Second, for all sides of the political divide, identity politics will permeate. Following the post-GE14 environment, there has been a heightened use of race and religion (in a context where this is already high). This sort of negative campaigning has the potential to further fray the country’s social fabric.
The question of who protects and represents the Malay majority and non-Malay minorities remains a pressing concern mobilised directly and indirectly by political parties. In East Malaysia, state nationalism continues to be the dominant messaging. Contending dreams for Malaysia as a nation will be at stake with differences over representation and inclusion.
Third, is the issue of reform – arguably the main driver of calls for electoral change in Malaysian politics for nearly two decades. The composition and direction for reform are less clear as there have been contradictory responses on governance and increased democratic openness.
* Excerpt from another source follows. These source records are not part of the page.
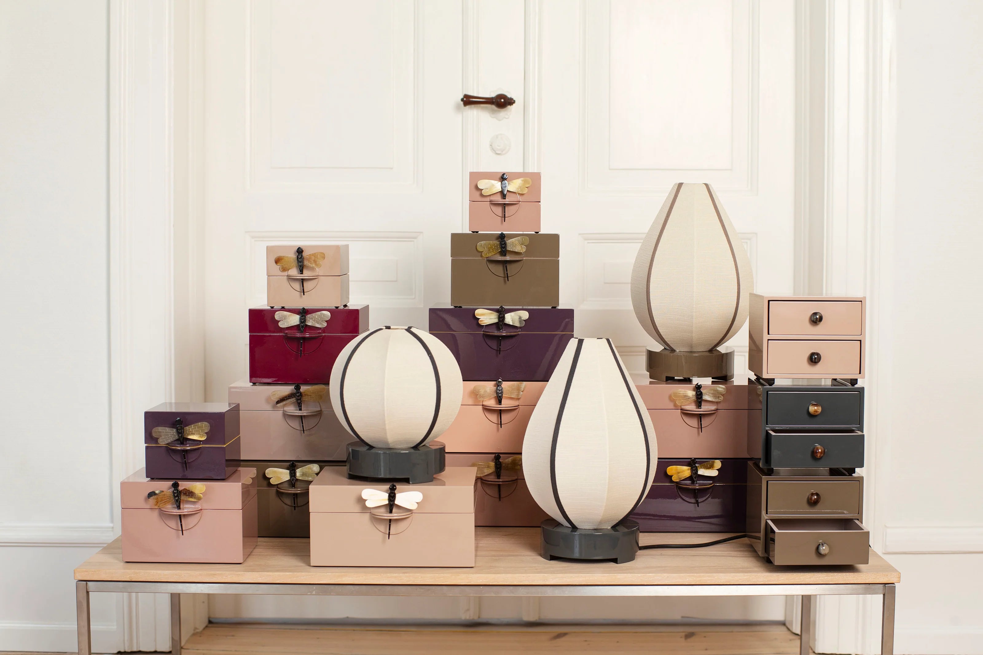 Super smukt smykkeskrin fra det Oi Soi Oi, der kombinerer elegance og funktionalitet. Hvert skrin er håndlavet og lakeret 13-15 gange for at opnå den høje kvalitet. De elegante smykkeskrin er den perfekte opbevaring til dine mest værdsatte smykker eller minder. Skrinene lukkes med en elegant og unik guldsmed lavet af bøffelhorn, der tilføjer et eksklusivt og luksuriøst præg. Den dyrebare lakæske er ikke kun praktisk, men også så stilfulde og smuk at den fortjener at stå fremme. Smykkeskrinet er ideelle til at beskytte dine smykker, billeder, minder, babys håndaftryk og samtidig give et sofistikeret touch til dit hjem. "Dragonfly" smykkeskrinnet for et luksuriøs skrin, der både er smuk og holdbar - den perfekte gave til en du holder af.
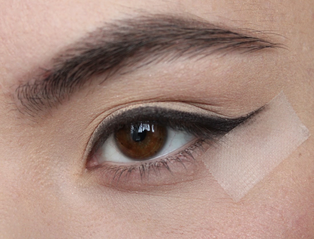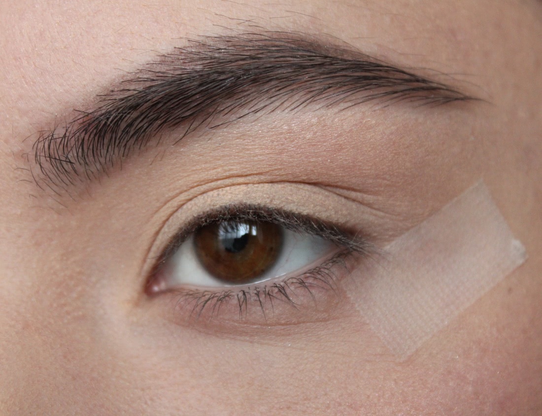 3. Далее клеим скотч (у меня гипоаллергенный пластырь, он более комфортный и не такой колючий ) заранее нужно пару раз приклеить/отклеить его на руку чтобы в дальнейшем не растягивать и не травмировать кожу. Клеим параллельно нижнему веку.
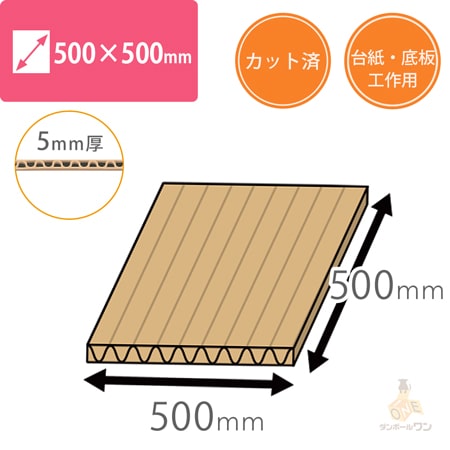 長さ500×幅500mm(5mm厚)の板ダンボール。学校の工作・文化祭で人気のサイズです。タイヤの梱包にもご利用いただけます。

No question, with Umno out of office and desperate to return to power, there will be highly mobilised interests fostering resistance to any further changes.
Finding the positivity will be difficult – a real challenge to mobilise hope with the dominant mode “against” others rather than for the nation. Keep in mind, many Malaysians are fed up with their political leaders – across the political parties. This political turmoil has severely damaged trust for political leaders.
Any new elections – GE15 – will result in Malaysians continuing to look inward, and the outcome may not be what many of the political actors want. There is no guarantee that the outcomes will lead to political resolution among the actors, and, importantly, turn leaders away from politics to governing the country, to solving the challenges facing the Malaysian people.
These three options are indeed less than ideal, especially as Malaysia faces greater global and regional economic insecurity. Ordinary Malaysians and many businesses are struggling in these uncertain times. There is a growing sense of feeling trapped – imprisoned – by the constraints of the political options ahead.
The possibility of new options – a different led unity government, a compromise among the key current contenders or new alliances – remain in the realm of the possible, as recent events show that in Malaysia anything is possible. As Malaysians wait for its leaders to consult, reason and reflect, the dilemma of how to resolve the country’s leadership continues to entrap (but not enthral) Malaysians.